Preparing Your Restaurant for Florence.

Are you prepared for a week without power? Here’s my tips to help your restaurant survive Hurricane Florence.
 
Tonight. Cook and serve whatever you can. Offer to-go meals, half price specials, whatever it takes to move your food. When you’re preparing to close, freeze what you can, clean out all garbage, make certain you’ve got clean cans and bags plus bleach, gloves, and possibly masks for your return. 

 
 
Review your emergency response plan with your executive team. Don’t have one? Don’t write one now. However, you can divide up the big stuff between your management folks. Appoint someone to do your crisis management (post updates, contact insurance company, find a generator and fuel) while another should collect/manage all contact info for emplyees and another could be your first response team to get to the restaurant as the winds and rain die down.
 
Is your IT system and data backed up? Call those guys right now and make sure.
 
Have a clear plan for communicating with your staff and share it with everyone! A private/secret Facebook page may work well for this. Post regular updates and make sure your staff is comfortable with their own personal preparation at home. When it’s time to close, make sure everyone knows when this is going to happen and who will contact everyone to let them know the next steps.

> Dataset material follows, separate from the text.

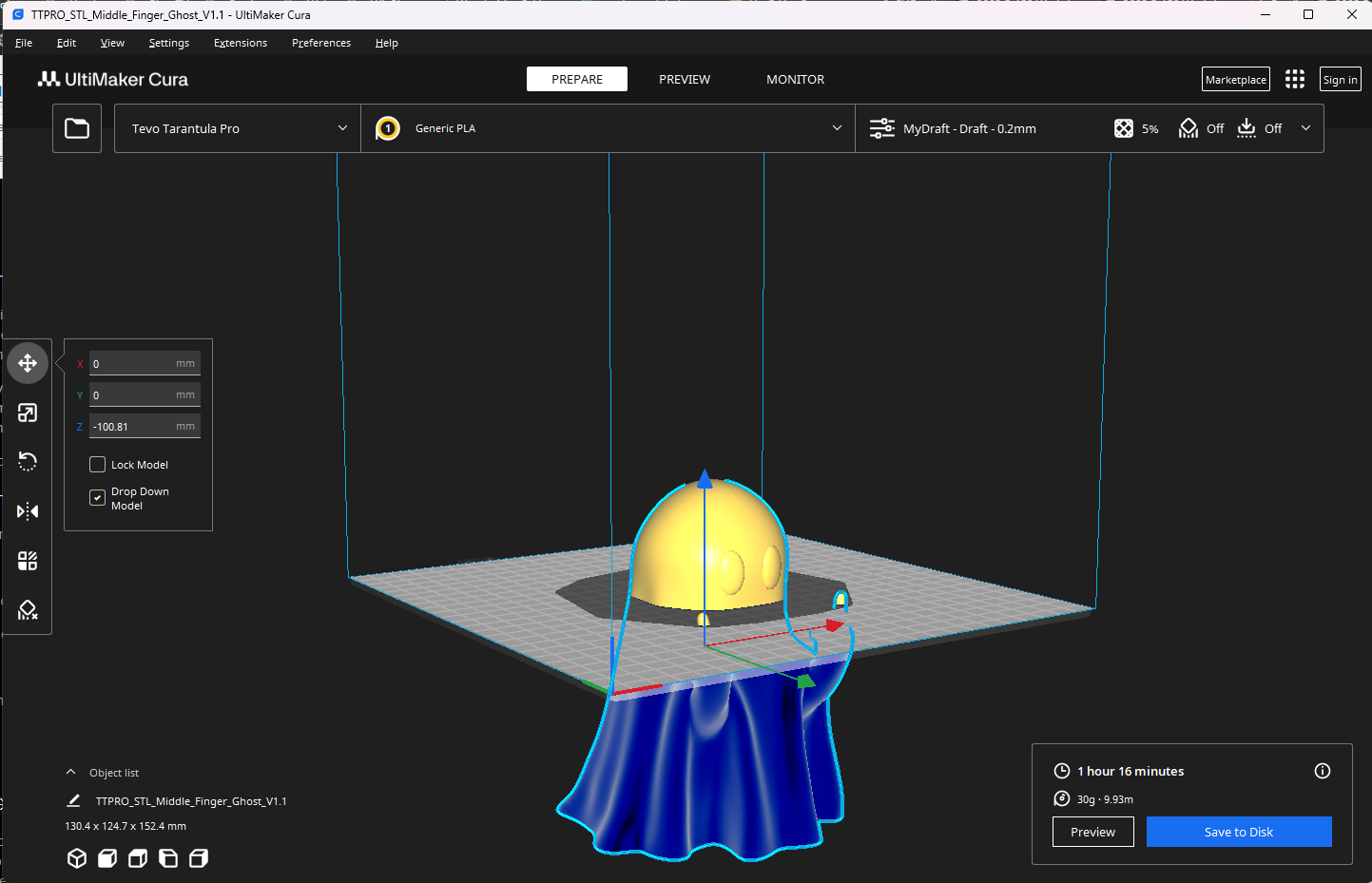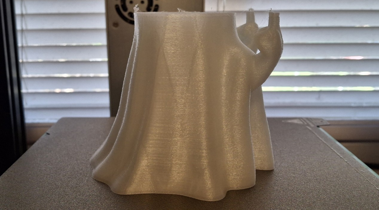 When Nick and I were discussing my luck with Nate, the decapitated ghost, he told me I should be able to just drop all but the part that didn't print beneath the build plate and the slicer should only print what's above it. Time to fix Nate and give him back his head (and "amputated" fingers). Then plan is to glue them back on. So now we'll have two mismatched, full sized ghosts.

Before locking up, shoot video of the entire property, take your time doing this. Food, liquor, everything. This will be very helpful in the event of a catastrophic loss.
 
Upon your return, and before any hourly staff enter the premises, make sure the building is safe. Your work comp may not cover an hourly staff member falling off the roof or pulling furniture out of the walk in cooler. Document all discarded food and beverage and any additional costs such as a generator or fuel. Check with your accountant and insurance agent as you may be able to enter damaged food as a loss based on potential sales and not raw food cost.
Do NOT save anything perishable in the event of a power outage. You will not know how long your power has been out and you cannot smell food-based pathogens.
 
And remember, people come first. Everything else can be replaced.